# Help catch someone Keying a car



## Gav147 (Mar 20, 2011)

Saw this shared somewhere else earlier and figured it wouldn't hurt to post it on here aswell, police appealing for info of someone caught on Dashcam keying someone's Aston Martin.

Links : http://news.met.police.uk/videos/aston-martin-dashboard-camera-cctv-19640

http://www.telegraph.co.uk/news/ukn...pram-deliberately-keys-100k-Aston-Martin.html

Hope they catch the , what anyone gets from doing this is beyond me..


----------



## R7KY D (Feb 16, 2010)

Piece of dog do 

Unlucky chump , you are going to get caught


----------



## turbosnoop (Apr 14, 2015)

As said in pulp fiction, don't **** with another mans vehicle!!!


----------



## Horatio (Oct 30, 2011)

I really hope he'll pay for the damage


----------



## Pittsy (Jun 14, 2014)

Its the doctor who was on Casualty:doublesho


----------



## Kerr (Mar 27, 2012)

What a piece of scum.

Won't be hard to find him with that video.


----------



## TonyH38 (Apr 7, 2013)

What a piece of no good s...e.


----------



## macc70 (Oct 20, 2007)

lets all have a guess at the punishment...Ill start the ball rolling with 6 months suspended for twelve months £100 fine at £1/week
Id chop the *******s hands off and whip his carcass till it was dry


----------



## Sicskate (Oct 3, 2012)

Low life scumbag!!


----------



## andyy (Jan 5, 2015)

He will get a slap on the wrist because I doubt he can pay for the damage!


----------



## uruk hai (Apr 5, 2009)

I simply don't understand the mentality of people like this, they must be sadly lacking or have some sort of inferiority complex ?


----------



## turbosnoop (Apr 14, 2015)

Jealousy is such a wasted emotion


----------



## Cookies (Dec 10, 2008)

Ooh this makes me so mad. I hope he's found and I hope a suitable punishment is handed out. 

Cooks


----------



## millns84 (Jul 5, 2009)

Imagine how you'd feel coming back to your car after that? 

Sickening


----------



## MDC250 (Jan 4, 2014)

Maybe the Aston woke his baby 

Maybe he had a troubled childhood, or society has let him down. There will be enough ridiculous excuses dished out I'm sure 'justifying' what is criminal damage.
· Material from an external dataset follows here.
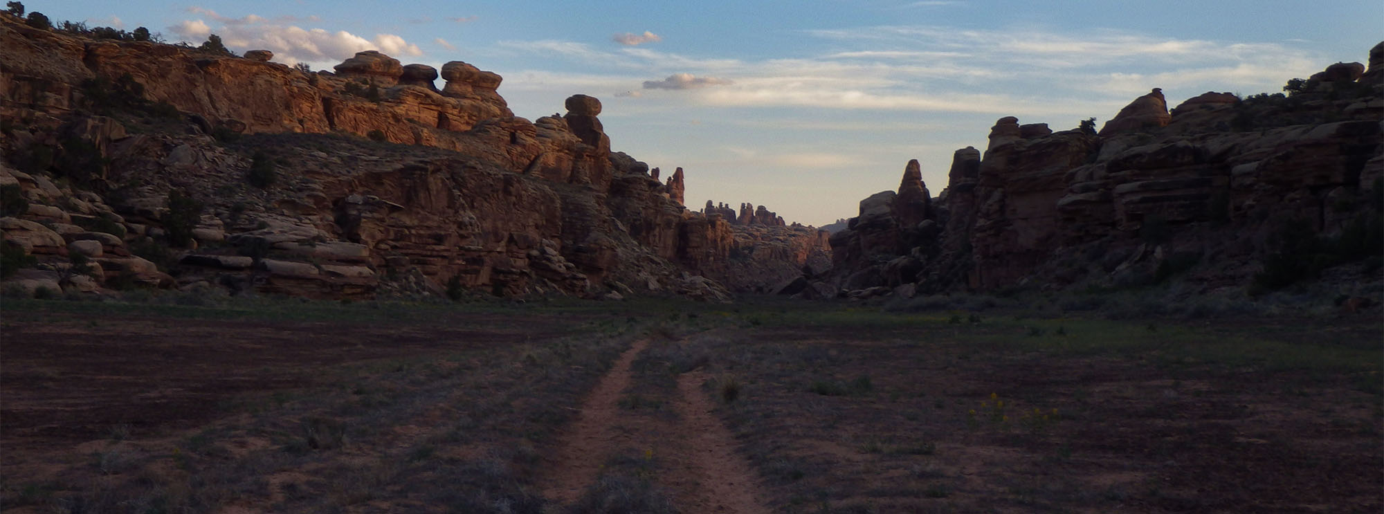 Pushing on the scenery was great. Looking behind me was an amazing sight with the Needles to the south peeking up from the walled-in corridor of Cyclone Canyon. Some older maps show a spring here, but I saw ZERO sign of water.

Should be made to pay for every single penny of damage no matter how long it takes


----------



## TonyHill (Jul 28, 2015)

He should pay for the repair out of his benefits and then deported. Scumbag :devil:


----------



## Hufty (Apr 27, 2015)

Waterboard the scum, let's set up a secret vigilante group track down these losers and make them. We could maybe key them and tattoo along scratch across their forehead ending in word loser. Who's in ?


----------



## johanr77 (Aug 4, 2011)

Hufty said:


> Waterboard the scum, let's set up a secret vigilante group track down these losers and make them. We could maybe key them and tattoo along scratch across their forehead ending in word loser. *Who's in ?*


Go for it Batman, let us know how you get on. :lol:


----------



## uruk hai (Apr 5, 2009)

TonyHill said:


> He should pay for the repair out of his benefits and then deported. Scumbag :devil:


How d'you know he's on benefits and deport him to where exactly, he may well have been born and lived here all his life ? I won't say brought up as he clearly hasn't been !


----------



## TonyHill (Jul 28, 2015)

Deport him anywhere that'll have the scrote!! We don't need crap like him here!


----------



## Kash-Jnr (Mar 24, 2013)

TonyHill said:


> Deport him anywhere that'll have the scrote!! We don't need crap like him here!


So because he isn't white you assume they should deport him? 
Because being British is being white right?

WOW :tumbleweed:

Don't think the unlucky sod will get the money from the  anyway!


----------



## lofty (Jun 19, 2007)

He's been arrested  Hope he has to pay back every penny it cost to repair.


----------



## pantypoos (Aug 7, 2014)

http://news.met.police.uk/news/man-...th-criminal-damage-of-aston-martin-car-125946

Taken from the link:

Police have today, Tuesday 18 August, arrested a man on suspicion of criminal damage following an appeal to trace an individual seen near a damaged car in Hackney on Friday, 19 June.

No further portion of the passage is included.